● INFORMATION PROVIDED:

+ + +

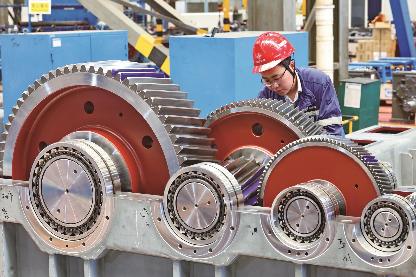 19日,工人在上海振华重工集团(南通)传动机械有限公司装配车间内加工产品。一季度,该公司实现开门红,新签合同额、利润均实现同比增长,交付港机和盾构机减速箱2300余套。 记者 许丛军摄
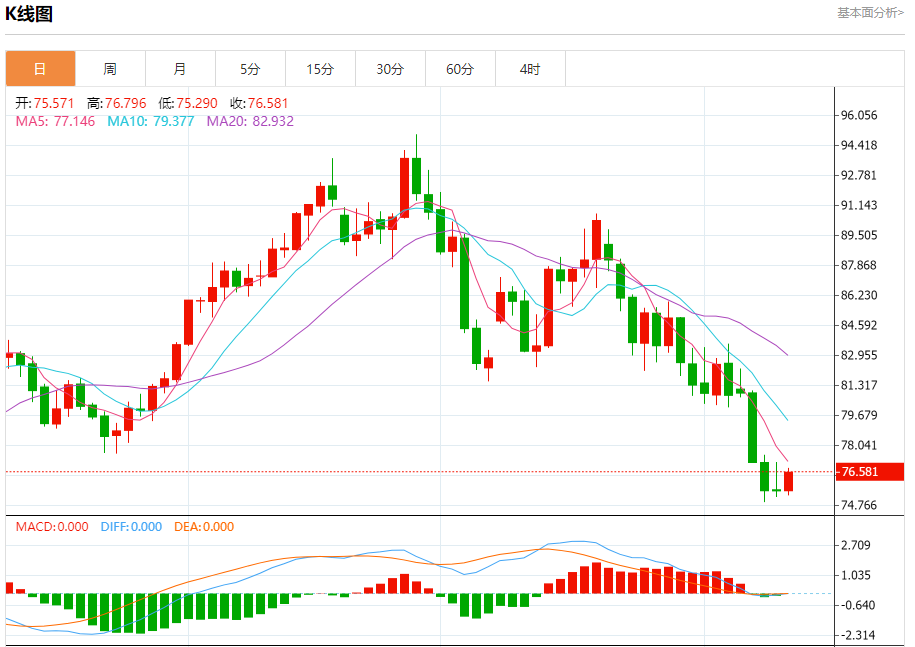 周五盘中,WTI原油报76.520,涨幅1.27%。 今日分析:在75.40之上,看涨,目标价位为76.90,然后为77.50。 技术点评:RI技术指标向上运行。 支撑位:75.4074.9074.00 阻力位:78.0577.5076.90 (亚汇网编辑:冰凡)
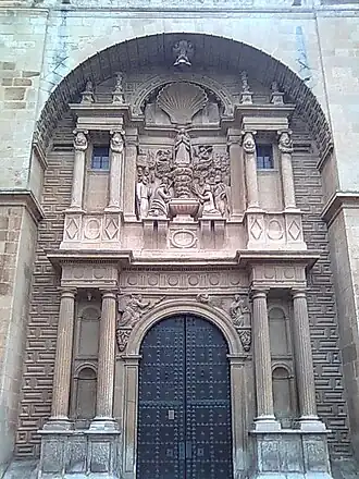 Construction of the church at this site in the then-expanding town was chosen in 1524. A number of architects including maestro Marquina, Maestro Pedro, Maestro Juan de Aranguren, Juanes de Segura, and Juan de Urrea took the work to 1579. The late-Renaissance portal has a relief depicting the Annunciation and Assumption of the Virgin. The façade was started in 1619-1624 by Francisco de Figuerola. Work continued on the sacristy, various chapels, and the bell-tower into the later half of the 18th century. From 1789 to 1805, Bartolomé Rivelles worked on the apse. The interior was decorated in Neoclassical style. Restoration took place in the 1980s.[1]

+ + +

● DIRECTIONS: "支撑位:75.4074.9074.00 阻力位:78.0577.5076.90 (亚汇网编辑:冰凡)" marks the first line to copy; copy that line and every line after it through the last line of the listing, exactly and without pictures.

● THE ANSWER:
 周五盘中,WTI原油报76.520,涨幅1.27%。 今日分析:在75.40之上,看涨,目标价位为76.90,然后为77.50。 技术点评:RI技术指标向上运行。 支撑位:75.4074.9074.00 阻力位:78.0577.5076.90 (亚汇网编辑:冰凡)
 Construction of the church at this site in the then-expanding town was chosen in 1524. A number of architects including maestro Marquina, Maestro Pedro, Maestro Juan de Aranguren, Juanes de Segura, and Juan de Urrea took the work to 1579. The late-Renaissance portal has a relief depicting the Annunciation and Assumption of the Virgin. The façade was started in 1619-1624 by Francisco de Figuerola. Work continued on the sacristy, various chapels, and the bell-tower into the later half of the 18th century. From 1789 to 1805, Bartolomé Rivelles worked on the apse. The interior was decorated in Neoclassical style. Restoration took place in the 1980s.[1]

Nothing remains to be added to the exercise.